When we look into the night sky, the impression we first get may be of an unchanging scene. Certainly, the Moon and planets change position against the backdrop of stars from night to night, and over a period of hours the satellites of Jupiter can be seen to shift around their orbits - but everything appears to happen slowly. Apart, that is, from the brief streak of light from a meteor. Capable of appearing in any part of the sky without warning, these objects can catch the observer completely off-guard. Many people have never seen one, but in fact meteors are visible every cloudless night - if only one has the patience to watch out for them. But these are more than just a means to a free firework display; for two centuries, meteors (or more correctly, the objects which caused them) provided science with its only source of material from beyond the Earth. Meteors are caused by pieces of debris floating through the solar system, entering the Earth's atmosphere at very high speed and exciting the atoms in the air. The piece of material itself is usually destroyed by the immense heat caused by friction with the air. Although the vast majority of such objects are destroyed long before they can reach the surface of the Earth, some of the larger pieces do survive the journey, and fall to the ground. These pieces of rock from beyond the reaches of our planet are known as meteorites.

 

Meteoroids, Meteors and Meteorites

The nature of meteors remained a mystery for a considerable time, and there was much debate about whether "shooting stars" were phenomena of the Earth, or space. However, the fact that meteorites really were visitors from beyond our atmosphere was proved by Ernest Chladni in 1794, and Jean-Baptiste Biot in 1803 when a meteorite was observed to fall near a French village.

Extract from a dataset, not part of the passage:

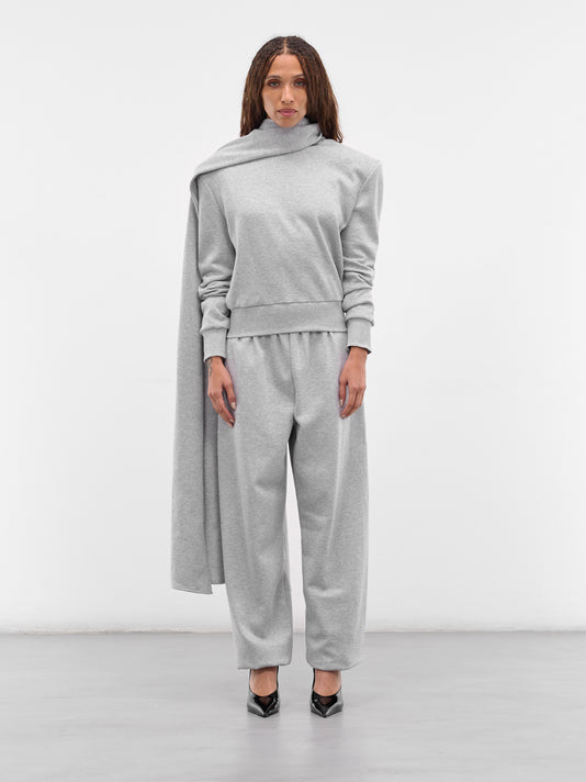 A gray melange cotton sweatshirt with a relaxed, slouching silhouette. The graphic print and rib-knit finishes lend a casual, textural balance.

There are three distinct stages to the phenomenon, and in the vast majority of cases, an object will only survive to the second. These stages are:

 

Meteoroid. When a piece of debris , later to enter the Earth's atmosphere, is travelling through space towards our planet, the object is called a meteoroid.

Meteor. The brief flash of light we see in the night sky and caused not by the material "burning" with friction from the atmosphere, but rather from the atoms which have been excited in the air from the object's high speed.

Meteorite. The name given to the relatively small number of objects which are not completely destroyed in the upper atmosphere, but survive to the ground.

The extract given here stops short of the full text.